First, when friends have increased the configuration, how to keep their own models alive is not only a problem that Xiaopeng urgently needs to solve, but also a problem that many domestic new energy vehicle manufacturers need to think about.

For example, Xiaomi SU7 reached a peak in the WeChat index in early April, and since then, attention has been declining, and in May, the question world showed a cliff-like lead over Xiaomi SU7.

Car companies are fighting: intelligent driving, going to sea, and cost-effective

Source: WeChat Index

For Nezha Automobile, marketing has always been Nezha's shortcoming, although Nezha CEO Daniel Zhang relied on "black and red" to add a lot of heat to Nezha L in April. However, Nezha Automobile must also find a new way to break the marketing situation, relying on "black and red" is easy to have an impact on Nezha car owners and Nezha's brand image.

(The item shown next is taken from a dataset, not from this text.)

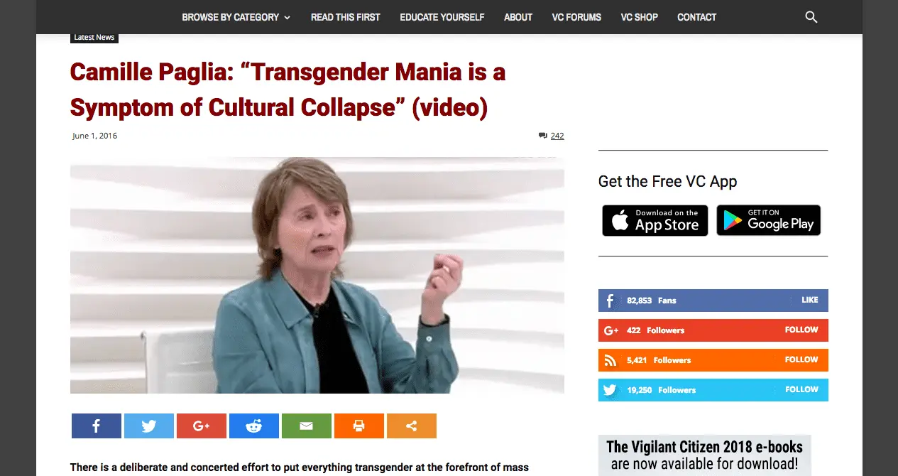 Camille Paglia: "Transgender Mania is a Symptom of Cultural Collapse" (video) - The Vigilant Citizen

Second, the production capacity of new energy vehicles has fallen into polarization, on the one hand, manufacturers represented by Tesla, with high inventories, urgently need to digest production capacity and stabilize cash flow. On the one hand, the production capacity of Xiaomi and Wenjie still needs to be continuously improved. As shown in the March production and sales express announcement of Thalys, the monthly production capacity was 24,358 vehicles, with an average daily production capacity of less than 800 vehicles.

Source: Cialis announcement

According to the Xiaomi Auto app, the current delivery time for the standard version is 28-31 weeks, the delivery time for the Pro version is 30-33 weeks, and the delivery time for the Max version is 33-36 weeks. In other words, it will take 7-9 months for Xiaomi cars to pick up the car.

However, with the dissipation of the popularity of Xiaomi SU7, under such a long delivery cycle, how can Xiaomi SU7 continue to ensure the high cost performance of products, and deal with other manufacturers to snatch existing orders by placing orders and deliveries? In other words, how to reasonably plan production capacity is a problem that new energy manufacturers need to continue to solve.

Third, under the intensification of the involution of new energy vehicles, how can new forces and new brands of traditional automobiles ensure the stability of corporate cash flow.

For example, although the sales volume of ZEEKR has been rising, the ZEEKR prospectus shows that the company's net cash flow from operating activities in 2023 will be 2.2753 billion yuan, and more than 2 billion cash is not very superior strength in the money-burning car industry, after all, Xiaopeng's free cash flow in 2023 will exceed 6 billion yuan.

More importantly, new forces and traditional new automobile brands also need to find differentiated ways to play in the market where involution is intensifying. For example, NIO has continued to expand the battery swap alliance, adjusted the BASS program, and launched a variety of innovative services, which has allowed NIO's high-end brand image to penetrate, and it is also the reason why NIO outperformed the industry market in April.

Leap has always maintained an efficient and effective response to market trends in terms of product definition, as well as to ensure that its sales will never be left behind in the new forces.

Epilogue:

In the long-term tug-of-war of new energy vehicles, regardless of whether the current sales volume is up or down, the senior management of new energy manufacturers must keep an extremely clear mind, otherwise it is easy to lose themselves. For example, the dismal sales of the ideal MEGA series, Zhang Xinghai, the helmsman of Cialis Group, once shouted that Cialis Automobile will become the leader of the global luxury car brand in the future, causing market controversy.

With the complete start of the new energy vehicle knockout competition, which brands will leave the market with chicken feathers in the future? Perhaps only time will tell.